How To Prevent A Snowblower From Clogging

I speak from (a lot of) experience when I say there’s nothing worse than being out clearing your drive when your snowblower clogs. It’s so frustrating and time-consuming to fix in snowy conditions. However, I’ve also found it to be easily avoidable. You can prevent a snowblower from clogging by using one or many different techniques such as; pushing the machine faster, clearing the path of objects or using a non-stick spray or lubricant.

Different techniques work differently depending on the machine you have and the conditions you’re working in. I’ve personally tried all of the methods below in various conditions and where possible I suggest you do the same.

Check out our snowblower guide to help you decide which brand is best for you!

Why Do Snowblowers Clog?

To understand how to unclog your snowblower you first want to understand what causes the machine to clog. While it’s possible for your snowblower to clog with any type of snow, I’ve found it’s most common when the snow is either sticky or a combination of snow and ice. This then builds up around the auger(s) or at the top of the snow shoot and prevents the snow from being pushed out through the snowblower.

How To Prevent A Snowblower From Clogging

There are multiple different things you can do to try and prevent your snowblower from clogging. I’ve personally tried all of these techniques and found some to work better than others, although it really depends on the snowblower you have, the conditions you’re working under and the area you’re looking to clear.

Non-Stick Spray

One way to prevent your snowblower from clogging is by applying a specially designed non-stick snow spray to the augers and shoot of the machine. The non-stick spray comes in an aerosol can making the application process is quick and easy, it’s also very affordable and can be picked up from most DIY stores or online.

The spray works in a similar way to cooking oil in a pan and causes the metal interior of the machine to become slippery therefore preventing the attachment of snow.

Friends both online and offline suggested using cooking oil or WD40 instead of the non-stick spray as an affordable solution. I found this didn’t work as well as the specially designed stuff as it needed reapplying every 15 minutes or so. Meanwhile, the specially designed non-stick snow spray I applied lasted a couple of snowstorms over a couple of weeks.

Propel The Machine Faster

If you often find that you get wet, heavy snow or ice then you may want to consider getting a self-propelled snowblower. This is because slow propulsion of the machine is designed to encourage the accumulation of snow in the snowblower shoot. The faster the snowblower moves the faster the snow is going to be pushed through the machine.

However, I’ve also found that tackling less snow in one go by positioning the machine so that the augers on the front only cover half the snow instead of a full path of snow is going to allow the machine to work better in heavy snowfall. This allows the force of the entire machine to only work on clearing half the snow propelling the snow through the machine and out of the shoot faster and often further.

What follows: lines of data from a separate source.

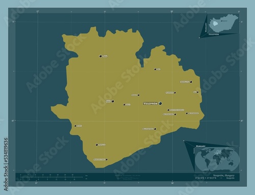 © Yarr65, Obraz premium Veszprem, Hungary. Solid. Labelled points of cities
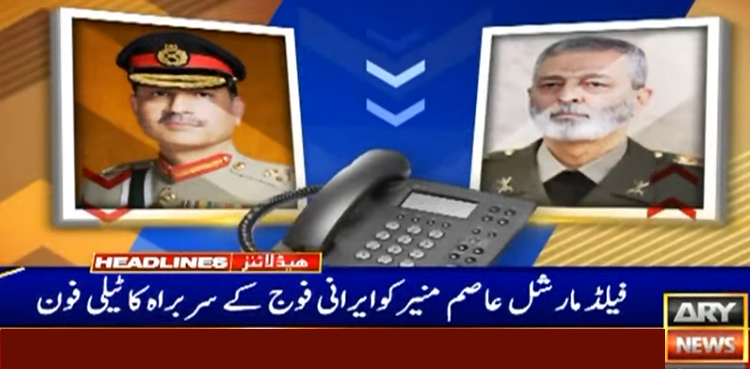ایرانی میڈیا کے مطابق فیلڈ مارشل کو ایرانی چیف آف اسٹاف میجر جنرل عبدالرحیم موسوی نے فون کیا اور امریکا و اسرائیل جنگ میں ساتھ کھڑے ہونے پر پاکستان کا شکریہ ادا کیا۔
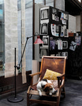 Steel floor lamp. Its qualities: graphic, stable, sophisticated. It is a "must-have" for any self-respecting aesthete.
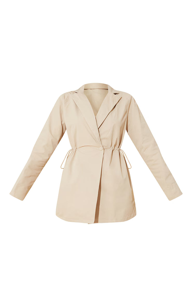 Refine your silhouette with this considered blazer dress. Crafted from a woven fabric in a versatile stone hue, this piece offers a contemporary take on tailoring. The long sleeves add a touch of refinement, while the toggle waist allows you to cinch the shape for a personalised fit. Elevate the look further with a delicate chain necklace from our jewelry collection for an assured after-dark ensemble.
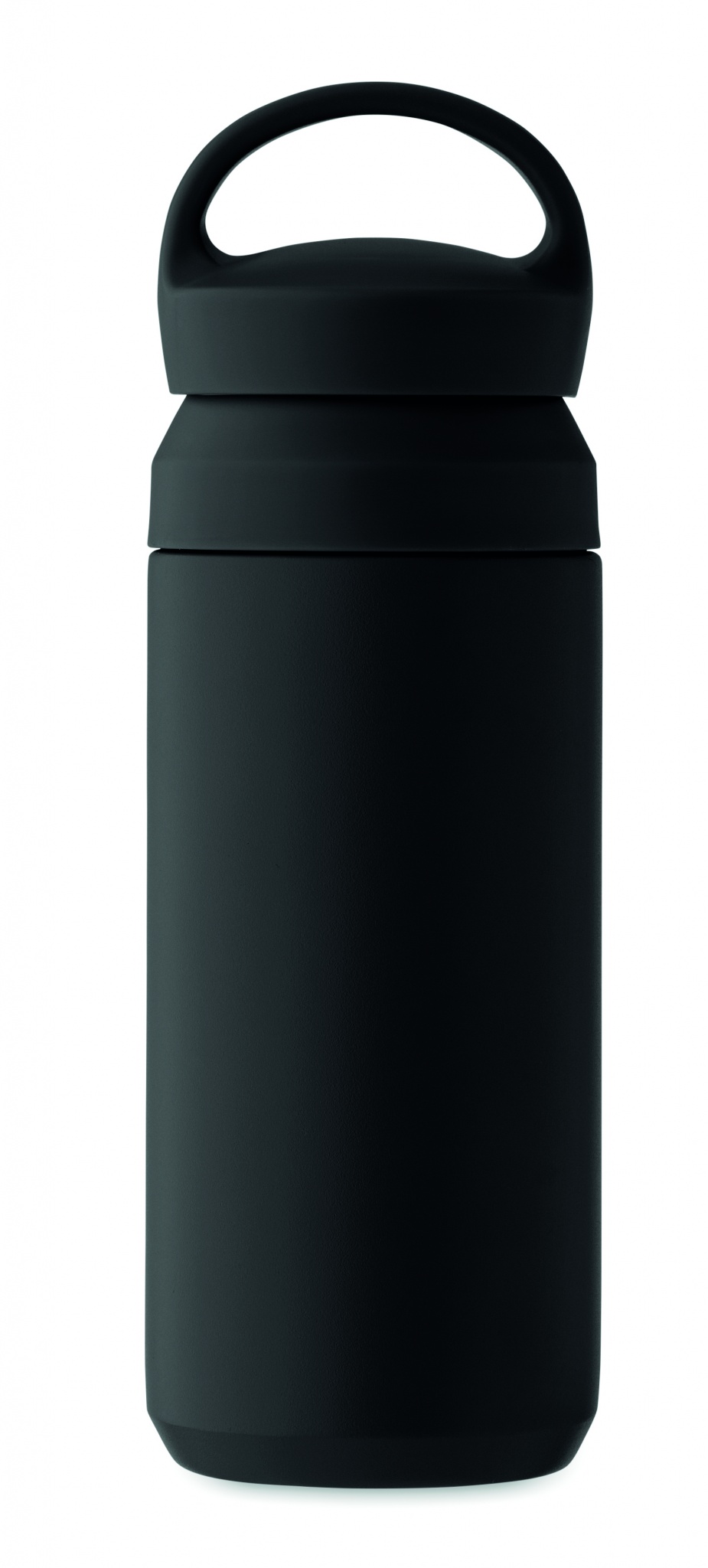 Двустенная термобутылка из переработанной нержавеющей стали (90%) и обычной нержавеющей стали (10%) с двойной крышкой из переработанного полипропилена, открывающейся для легкой очистки. Герметична. Объем: 320 мл.

Ensure The Area Is Free Of Obstructions

You’d be surprised (or maybe horrified) as to how many times I’ve accidentally clogged my machine by running over the newspaper. In fact, it’s become somewhat of a standing joke in our house. Snowblowers are designed for snow, so if the machine begins to chew up anything else in its path don’t be surprised if it cuts out.

To prevent this I’ve found it best to always clear the area you plan to use the snowblower on prior to the snowfall (when the snow is forecast) and to only use the correct machine under the correct circumstances. I.e. not using a single stage snowblower on gravel.

Side Note: Removing foreign objects from a clogged snowblower is the number one cause of accidents from snowblowers in the US.

If you do accidentally find that you’ve clogged your machine please follow the safety instructions. Plenty of machines come with a cleaning tool which will allow you to easily remove the majority of objects.

Taking this small amount of time to prep the area before using the snowblower is likely to significantly minimise the likelihood of your machine becoming clogged or damaged as a result.

Allow The Machine To Warm Up

To get the best results from your snowblower and to avoid damaging the machine I always suggest allowing five minutes after starting for the machine to warm up.

After these five minutes, I personally start with areas of light snowfall where possible before moving to areas with a heavy snowfall last. This precaution will give your engine enough time to warm up and give it momentum to handle regions with the most compacted snow.